LANSING, Mich. — With more than $900 million dollars in annual funding for Michigan schools at stake, Michigan Attorney General Dana Nessel led the effort to file an amicus brief opposing the U.S. Department of Justice’s (DOJ) opinion that would encompass all types of bets and wagers in the federal Wire Act’s prohibitions.
Twelve jurisdictions joined Michigan in the brief [links.govdelivery.com] , which was filed today in support of the New Hampshire Lottery Commission in two consolidated cases in the New Hampshire federal district court— New Hampshire Lottery Commission v. Dep’t. of Justice and NeoPollard Interactive LLC and Pollard Banknote Limited v. Dep’t. of Justice.

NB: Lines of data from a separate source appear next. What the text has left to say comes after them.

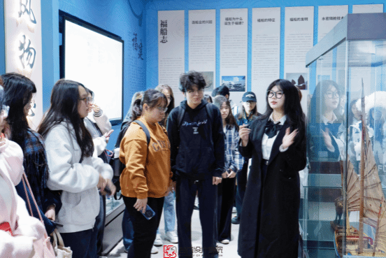 随后,福海童梦实践队的陈红羽同学,通过丝路闽商记忆馆中的陈设,讲解闽派故事的同时还详细讲解了闽派文化中福船的历史背景、外形特点以及功能用途,让同学们在对福船有深入了解的同时,也深刻体会了福建海洋文化的深厚底蕴。
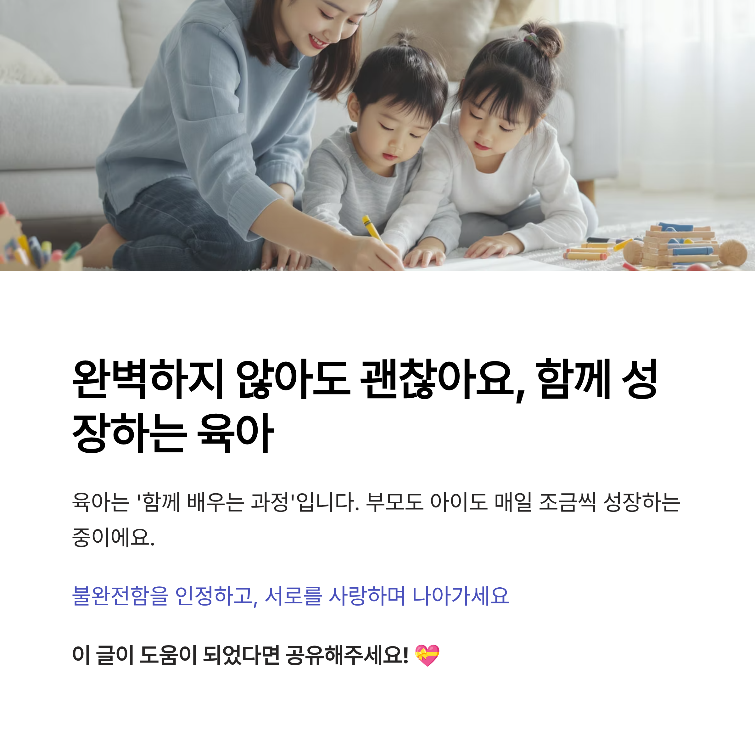 여러분은 육아 책과 현실의 차이를 어떻게 느끼셨나요? 책에서 도움받은 부분이나, 실제로 전혀 달랐던 경험담이 있다면 댓글로 공유해주세요. 같은 길을 걷는 부모들에게 여러분의 이야기는 큰 위로와 힘이 될 수 있습니다. 자유롭게 의견을 나누며 함께하는 공간이 되었으면 좋겠습니다.
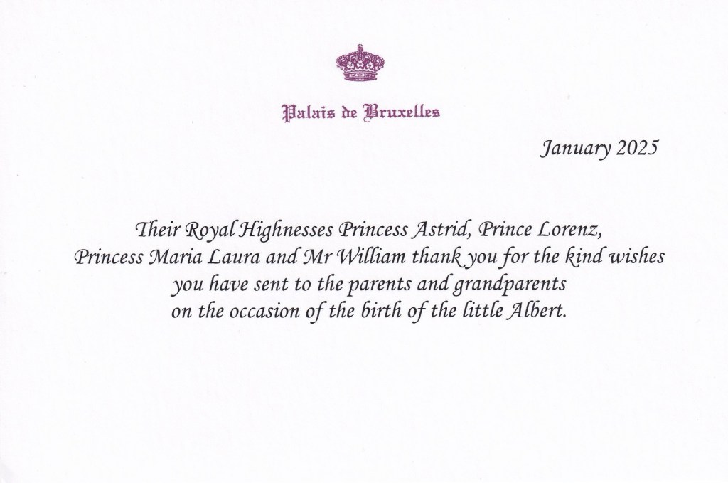 Royal response from Their Imperial and Royal Highnesses Prince Lorenz and Princess Astrid of Belgium, The Archduke and Archduchess of Austria-Este, Princess Maria Laura of Belgium, Archduchess of Austria-Este and William Isvy on the birth of their grandson/son Mr Albert Isvy.

“Like nearly every state lottery in this country, Michigan’s Lottery generates hundreds of millions of dollars every year to fund education,” said Nessel. “Billions of dollars are generated annually across this country for critical governmental services including schools, senior citizens programs, first responders, and infrastructure programs. This new interpretation of the law could have a dire effect on these programs by threatening their funding source.”
The jurisdictions oppose the Department of Justice’s January 14, 2019 opinion, which reverses its previous position that the Wire Act applied only to interstate wire communications of sports wagers. The new opinion could threaten intrastate online lottery games offered by Michigan and other States. The New Hampshire lawsuit is asking for a declaratory judgment that the Wire Act does not apply to state-conducted lotteries and requesting a permanent injunction against the DOJ from acting to enforce its new opinion.
Joining Michigan in the brief are: Alaska, Colorado, Delaware, District of Columbia, Idaho, Kentucky, Mississippi, North Carolina, Rhode Island, Tennessee, Vermont and Virginia.